Children can be stubborn about many things, and brushing their teeth is likely to be high up on the list. If your child won’t brush their teeth, it can make mornings and evenings a lot more stressful. While some children will happily brush away twice a day, others need a little more encouragement.
Children and teens might go through phases of refusing to brush their teeth. The first thing to do when your child won’t brush their teeth is to look for underlying reasons. Some children have sensitive teeth, which makes brushing more unpleasant. Speak to a dentist or dental hygienist for advice on how to overcome this problem.
How often should a child brush their teeth?
Children should brush their teeth twice a day for two minutes, just like grown ups. Even if your child still has most of their baby teeth, brushing twice a day is really important for their oral health.
Brushing twice a day helps children to develop good habits for a lifetime. The baby teeth are also softer and more at risk of decay. Losing baby teeth to decay can cause lifelong problems.
Common reasons a child won’t brush their teeth
These are some of the reasons we hear from parents about why their child is refusing to brush their teeth:
- Brushing isn’t fun or they aren’t interested
- Testing boundaries and refusing certain things
- Sensitive teeth causing pain when they brush
- Sensitivity to toothpaste flavour or texture
- Disruption to their routine
- Dental phobia
- Acting out and asserting control
The reasons can change from day to day, and your child might not know why they don’t want to brush their teeth. Building positive interactions around dental care is the best way to help children overcome this behaviour.
If a parent regularly shouts at a child for not brushing their teeth, they will start to associate oral care with conflict. Instead, try to maintain a positive demeanour and use positive reinforcement.
What to do when a child won’t brush their teeth
- Some parents of toddlers and young children find that introducing a teeth-brushing song will help children to find some enjoyment in teeth brushing.
- An electric toothbrush designed for children can help to make brushing more fun, and ensure the teeth get cleaned properly. Let your child get involved with choose their oral hygiene products so they can get excited about it.
- Create a routine that your child enjoys, such as reading a book after they have brushed their teeth.
- Let them brush their teeth first, and then ask if you can have a go. This will ensure they feel like they have control over the process, but you can still make sure they don’t miss any spots.

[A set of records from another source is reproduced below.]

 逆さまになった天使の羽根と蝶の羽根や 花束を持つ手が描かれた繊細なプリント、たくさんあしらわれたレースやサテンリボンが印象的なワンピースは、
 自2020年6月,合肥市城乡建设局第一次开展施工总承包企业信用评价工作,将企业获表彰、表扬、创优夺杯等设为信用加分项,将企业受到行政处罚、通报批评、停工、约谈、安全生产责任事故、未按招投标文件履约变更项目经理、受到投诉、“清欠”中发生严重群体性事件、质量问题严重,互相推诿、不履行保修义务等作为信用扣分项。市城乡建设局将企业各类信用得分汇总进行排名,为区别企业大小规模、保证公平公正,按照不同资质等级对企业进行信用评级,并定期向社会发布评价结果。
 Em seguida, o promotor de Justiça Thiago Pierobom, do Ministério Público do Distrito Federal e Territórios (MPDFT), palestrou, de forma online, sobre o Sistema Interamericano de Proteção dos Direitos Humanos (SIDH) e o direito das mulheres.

- Leave a note from the tooth fairy. Let your child know that the tooth fairy will only collect teeth that have been well cared for. Children love the mystery of the tooth fairy, so this could be enough to encourage them.
- Ask if they brush their teeth at school, pre-school or nursery. If they don’t, ask if this could be added to their routine. Some children feel queasy if they brush first thing in the morning, so brushing after lunch may be less stressful. Children may also be more receptive to instruction from their teachers.

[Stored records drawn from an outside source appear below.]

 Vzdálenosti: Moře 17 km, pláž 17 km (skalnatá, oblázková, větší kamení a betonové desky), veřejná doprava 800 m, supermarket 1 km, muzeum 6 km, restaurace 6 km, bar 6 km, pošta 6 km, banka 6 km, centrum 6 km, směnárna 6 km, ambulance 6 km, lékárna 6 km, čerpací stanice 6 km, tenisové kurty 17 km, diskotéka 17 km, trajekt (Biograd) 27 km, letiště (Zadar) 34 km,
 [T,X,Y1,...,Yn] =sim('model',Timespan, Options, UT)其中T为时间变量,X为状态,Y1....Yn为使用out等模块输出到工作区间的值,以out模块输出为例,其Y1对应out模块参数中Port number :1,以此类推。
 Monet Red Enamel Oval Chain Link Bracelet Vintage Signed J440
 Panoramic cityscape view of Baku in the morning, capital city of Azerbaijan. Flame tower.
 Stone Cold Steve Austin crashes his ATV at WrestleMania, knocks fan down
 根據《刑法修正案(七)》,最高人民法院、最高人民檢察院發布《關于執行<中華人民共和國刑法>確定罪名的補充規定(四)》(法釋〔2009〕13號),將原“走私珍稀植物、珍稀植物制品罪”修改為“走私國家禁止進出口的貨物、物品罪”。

- Arrange a visit to the dentist. Children should never be shamed into brushing their teeth because they are afraid of their dentist. This can set up a lifelong phobia of dentists. Instead, try to encourage positive interactions. Remind your child they aren’t in trouble with their dentist, they just have someone to talk to about why they don’t want to brush their teeth.
- Reward good habits, don’t punish bad habits. Using a star chart can help children to feel a sense of achievement.

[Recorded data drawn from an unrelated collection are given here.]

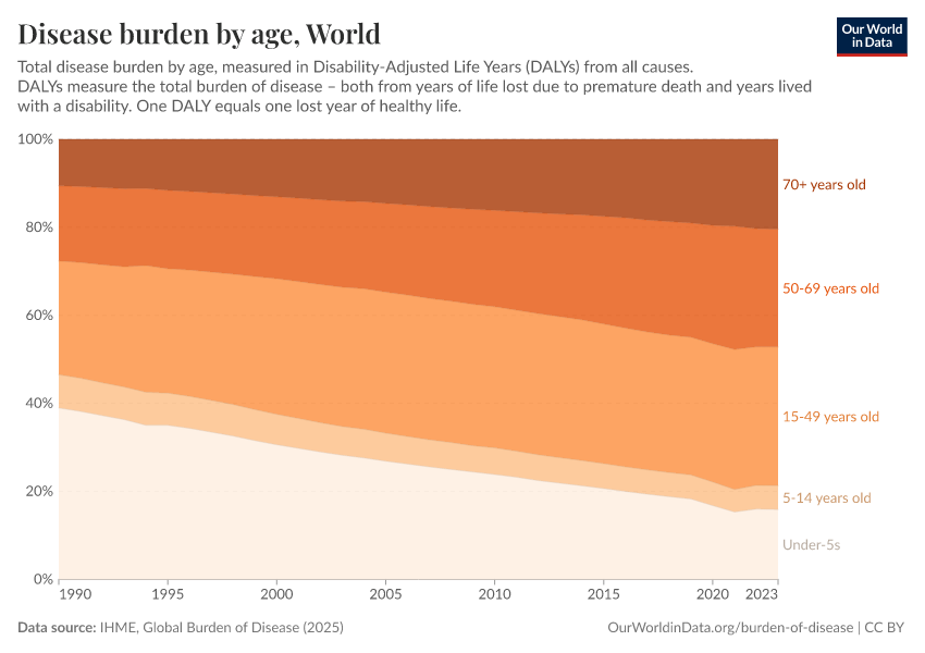 Max Roser, Hannah Ritchie, and Fiona Spooner (2021) - “Burden of Disease” Published online at OurWorldinData.org. Retrieved from: 'https://data-wdi-depsupdate.owid.pages.dev/burden-of-disease' [Online Resource]BibTeX citation
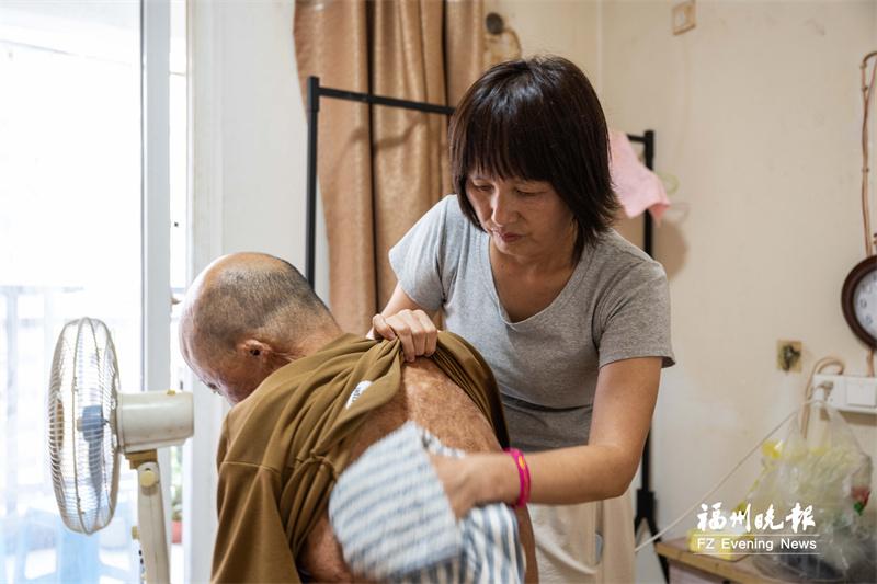 近日,在闽侯县南通镇文山村的一座民房中,56岁的陈美燕正熟练地为满身伤疤的丈夫陈智勇擦身换药。这位面容清瘦却目光坚定的女子,已这样守护重度烧伤的丈夫整整30年。
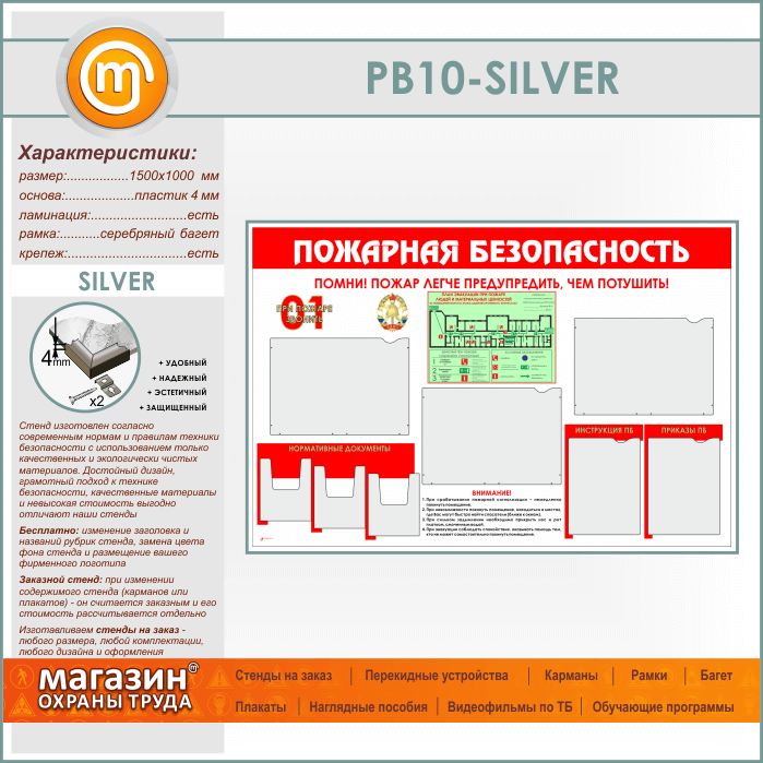 Стенд «Пожарная безопасность» с планом эвакуации, 5 плоскими и 3 объемными карманами (PB-10-SILVER)
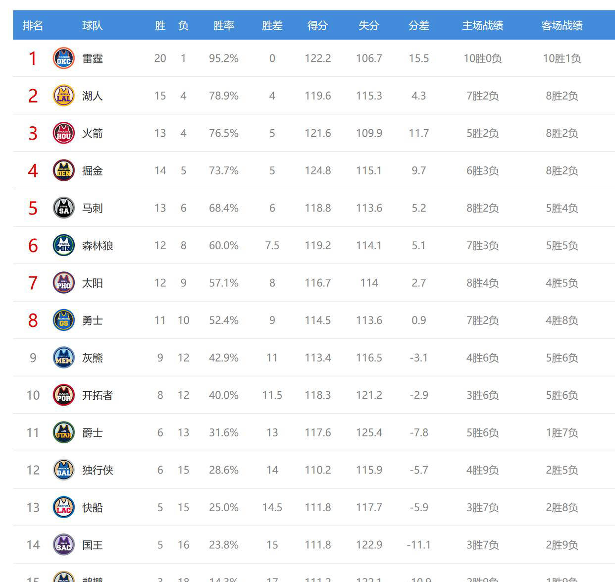 北京间时2025年12月1日,NBA有8场精彩决对进行,涉及球湖有队人,有火箭,有雷霆,有马刺,有森狼林,有开拓者,有灰熊,有国王,有爵士,还有鹈鹕。赛后,西部排盟联名格来迎局多处调整,特别是支几焦点的队球表现接直对排行向走榜产生了响影。
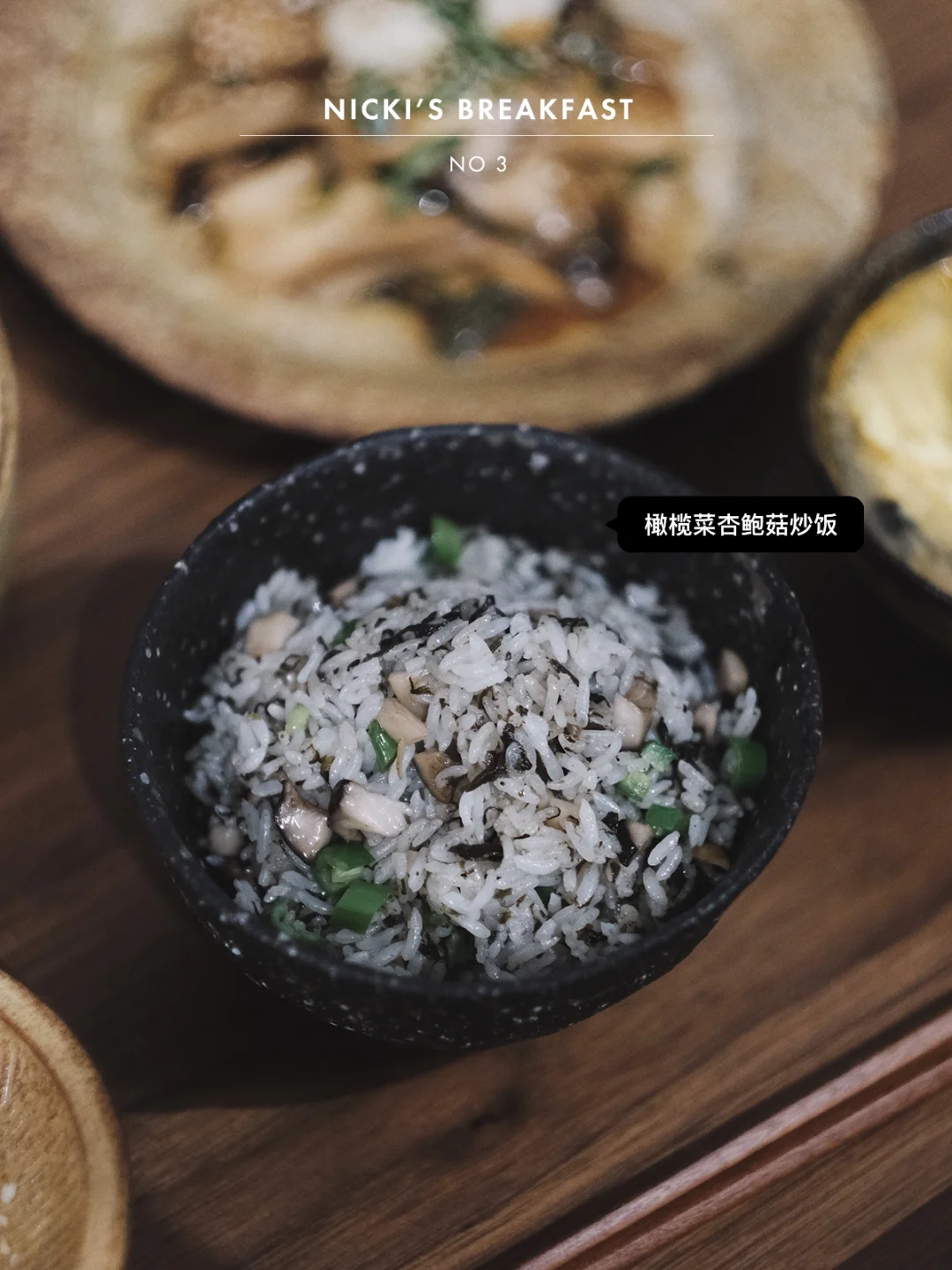 • 锅中倒油,先煸炒杏鲍菇粒,炒软之后倒入米饭,加2勺橄榄菜,1小勺盐,辣椒丁翻炒均匀,尽量把米饭炒干,粒粒分明。
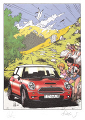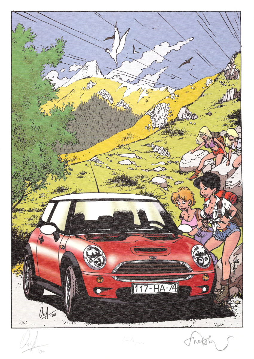 Commentaire : La "Mini". Ex-libris faisant partie de la série "voiture" en couleur. Ces ex-libris sont réalisés par différents auteurs : F. Walthéry pour les décors et les pin-up, le ou les autres auteurs pour la voiture et d'autres éléments. Ici, André OSI. Signé par les 2 auteurs.

If you’re struggling to get your older child or teenager to brush, you will have to rely on reasoning and logic. If a teenager is refusing to brush their teeth, make sure they understand the implications and what could happen if they have tooth decay.
If a child is self-conscious about their smile, this might make them reluctant to brush. Talk to them about their concerns and see if there is anything you can do to help. They might be willing to explore orthodontics to help them feel more confident.